Mich. Admin. Code R. 299.9703

Current through Vol. 24-19, November 1, 2024
Section R. 299.9703 - Financial assurance for closure and postclosure care

Rule 703.

(1) The owner or operator of each facility shall establish financial assurance for closure of the facility by utilizing the options specified in R 299.9704 to R 299.9709. The owner or operator of each disposal facility shall establish financial assurance for postclosure care of the facility utilizing the options specified in R 299.9704 to R 299.9709. An owner or operator of a new facility shall submit these documents to the director or his or her designee not less than 60 days before the date on which hazardous waste is first received for treatment, storage, or disposal. An owner or operator shall submit all revisions and renewals of the documents to the director within 60 days of the revision or renewal.
(2) An owner or operator may satisfy the requirements of this rule by establishing more than 1 financial mechanism per facility. These mechanisms are limited to trust funds, surety bonds, letters of credit, certificates of deposit and time deposit accounts, and insurance. The mechanisms shall be as specified in this part, except that it is the combination of mechanisms, rather than the single mechanism, which shall provide financial assurance for an amount at least equal to the current closure and postclosure cost estimate. The director may use any or all of the mechanisms to provide for closure and postclosure care of the facility.
(3) An owner or operator may use a financial assurance mechanism specified in this part to meet the requirements of this rule for more than 1 facility. Evidence of financial assurance submitted to the director shall include a list showing, for each facility, the site identification number, name, address, and the amount of funds for closure and postclosure assured by the mechanism. If the facilities covered by the mechanism are in more than 1 EPA region, identical evidence of financial assurance shall be submitted to, and maintained with, the regional administrators of all such EPA regions. The amount of funds available through the mechanism shall be not less than the sum of funds that would be available if a separate mechanism had been established and maintained for each facility. In directing funds available through the mechanism for closure and postclosure care of any of the facilities covered by the mechanism, the director may direct only the amount of funds designated for that facility, unless the owner or operator agrees to the use of additional funds available under the mechanism.
(4) An owner or operator may satisfy the requirements for financial assurance for both closure and postclosure care for one or more facilities by using a trust fund, surety bond, letter of credit, certificate of deposit and time deposit account, or insurance that meets the requirements of this part for both closure and postclosure care. The amount of funds available through the mechanism shall not be less than the sum of funds that would be available if a separate mechanism had been established and maintained for financial assurance of closure and of postclosure care.

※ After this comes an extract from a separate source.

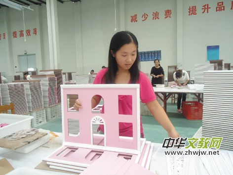 本報訊 山東省定陶縣陳集鎮(zhèn)是全國聞名的農(nóng)產(chǎn)品加工出口生產(chǎn)基地,目前已形成裘皮服裝、羊毛地毯、皮毛玩具、工藝玩具等板塊經(jīng)濟,產(chǎn)品遠銷10多個國家和地區(qū)。最近幾年,鎮(zhèn)里重點扶持了8家出口創(chuàng)匯的民營企業(yè),安置周邊村莊2600多名育齡女青年家門口就業(yè),人均月收入達2000元以上。圖為好多億公司的員工正在制作出口美國的小房子工藝品。 (本報記者 苑肇波 攝)

(5) Within 60 days after receiving certifications from the owner or operator and an independent registered professional engineer that closure has been accomplished in accordance with the closure plan, or that the postclosure care period has been completed for a hazardous waste disposal unit in accordance with the approved postclosure plan, the director shall notify the owner or operator, in writing, that he or she is no longer required by this section to maintain financial assurance for closure of the particular facility or postclosure care of the particular unit, unless the director has reason to believe that closure or postclosure care has not been in accordance with the approved plan. The director shall provide the owner or operator with a detailed written statement of any such reason to believe that closure or postclosure care has not been in accordance with the approved plan.
(6) An owner or operator shall notify the director, by certified mail, of the commencement of a voluntary or involuntary proceeding under the bankruptcy provisions of Public Law 95-598, 11 U.S.C. §§1 to 151302, naming the owner or operator as debtor, within 10 days after commencement of the proceeding.

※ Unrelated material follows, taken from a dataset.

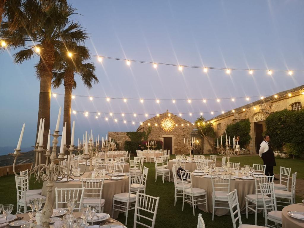 Dopo aver detto il fatidico “sì”, gli sposi hanno voluto festeggiare insieme a parenti e amici presso Baglio Strafalcello, una località che propone lo scenario incantato di un’antica costruzione rurale situata in una tranquilla zona di campagna a Castellammare del Golfo.

(7) An owner or operator who fulfills the requirements of this rule by obtaining a trust fund, surety bond, letter of credit, certificate of deposit or time deposit account, or insurance policy shall be deemed to be without the required financial assurance or liability coverage in the event of bankruptcy of the trustee or issuing institution, a suspension or revocation of the authority of the trustee institution to act as trustee, or a suspension or revocation of the authority of the institution issuing the surety bond, letter of credit, certificate of deposit or time deposit account, or insurance policy to issue such instruments. The owner or operator shall establish other financial assurance or liability coverage within 60 days after such an event.
(8) The director may replace all or part of the requirements of this rule with alternative requirements for financial assurance if the director does all of the following:
(a) Prescribes alternative requirements for the hazardous waste management unit under 40 C.F.R. §§264.90(f) or 264.110(c), or both, or 265.90(f) or 265.110(d), or both.
(b) Determines that it is not necessary to apply the requirements of this rule because the alternative financial assurance requirements will protect human health and the environment.
(c) Specifies the alternative financial assurance requirements in an operating license or enforceable document.
(9) The provisions of 40 C.F.R. §§264.90(f), 264.110(c), 265.90(f), and 265.110(d) are adopted by reference in R 299.11003.